Rolf’s scream, the agony, the frustration, the complete and utter doom of it all, was loud enough to fill the entire manor. It lived on for a long time after, in Erik’s head, just as the sight of Rolf’s blackened, bloodshot eyes, full of shock and betrayal, would.

He would always see those eyes, the ones of his oldest friend.

He didn’t have time to waste. He left the axe by Rolf’s side, who had now fallen to his knees, staring at his severed arm in horror as he ran off and out of the dining hall. There wasn’t time to grab his chest of possessions, the one that had made the journey from Norway with him, but he knew he at least had Cherine, and that possession was worth them all.

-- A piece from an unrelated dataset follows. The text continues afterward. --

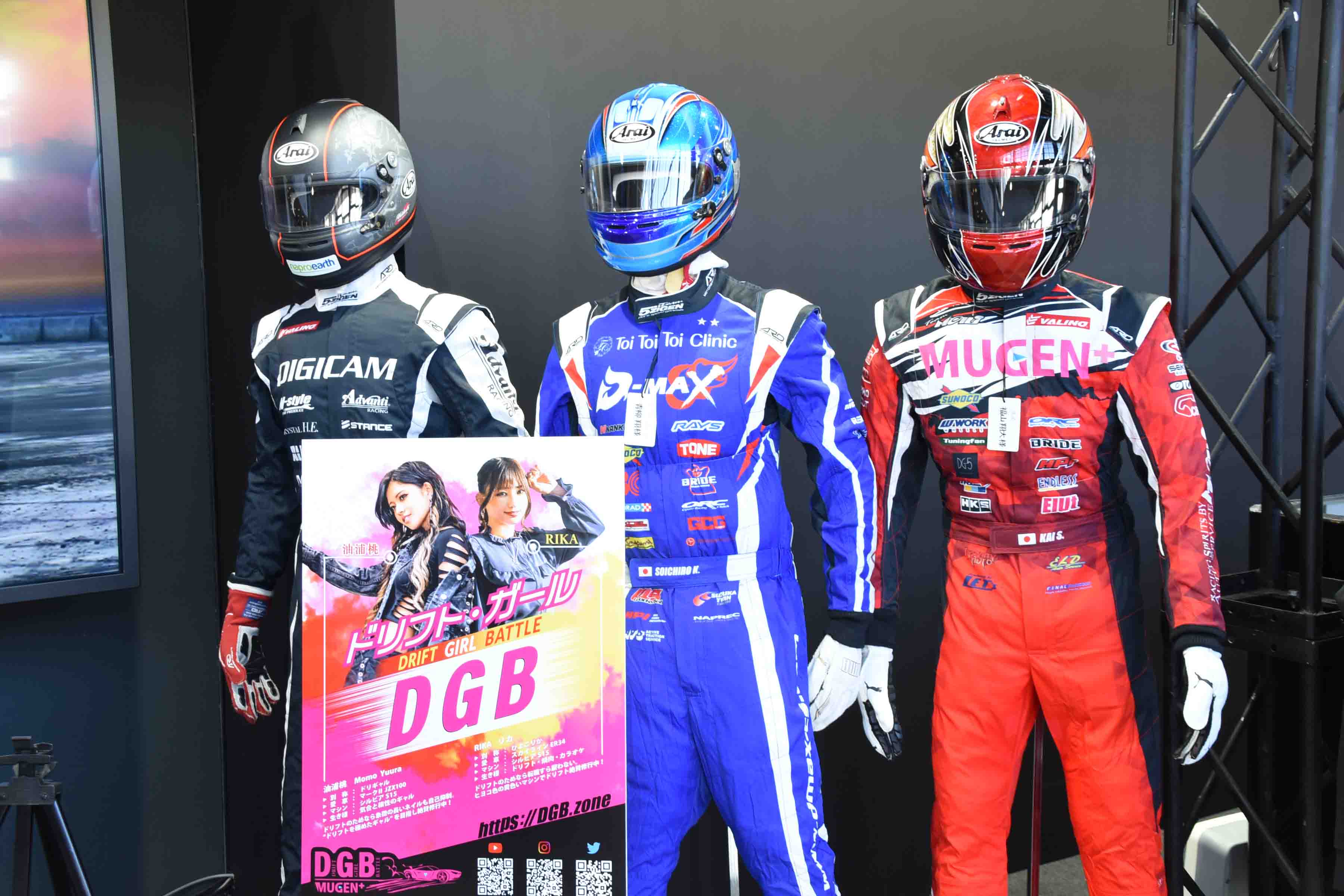 昨日制作発表が行われた映画「ALIVEHOON(アライブフーン)」のブースが登場しています。こちらは劇中に使用されたS15シルビア(中村直樹選手のWTC用車両)が展示され、さらには、DGBのドリフト・ガール2名も駆け付けPR活動を展開中です。

He ran through the manor and out the back door into the butcher’s area. As they had planned, the cart was outside, though it was loaded only with half the items they had planned for the journey. Cherine was sitting on her horse, holding the reins of Erik’s while Knut and Karst drove the cart.

“Erik,” she cried out as soon as she saw him.

He tried to smile, relief spreading over him like a cloak, but he could only grimace over what he had just done.

“We need to leave now,” Erik told them and quickly mounted his horse. “It’s only a matter of time before they come after us.”

Knut nodded and quickly flicked the reins, clucking loudly to the horses until the cart was lurched away at a trot. Erik and Cherine followed behind, the horseshoes muffled by the snow as the four of them rode out of the village of Saint-Martin and through the main gates. Erik kept a vigilant eye on the village walls, looking for any signs of ambush, and didn’t breathe until they were over the moat and heading back down the lane toward the sea.

“You’ll catch cold,” Cherine said, twisting in her seat for her saddle bag. She pulled out a heavy coat and passed it to him, no small feat when their horses were at a trot.

“Thank you,” he said, quickly shrugging it on.

“No,” she said, her voice dipping low. “Thank you. Thank you.”

It took one look at her angelic face for him to realize all the bloodshed had been worth it. He’d lost his old life.

And gained a new one.

They urged their horses to a gallop and left Saint Martin behind in a cloud of snow.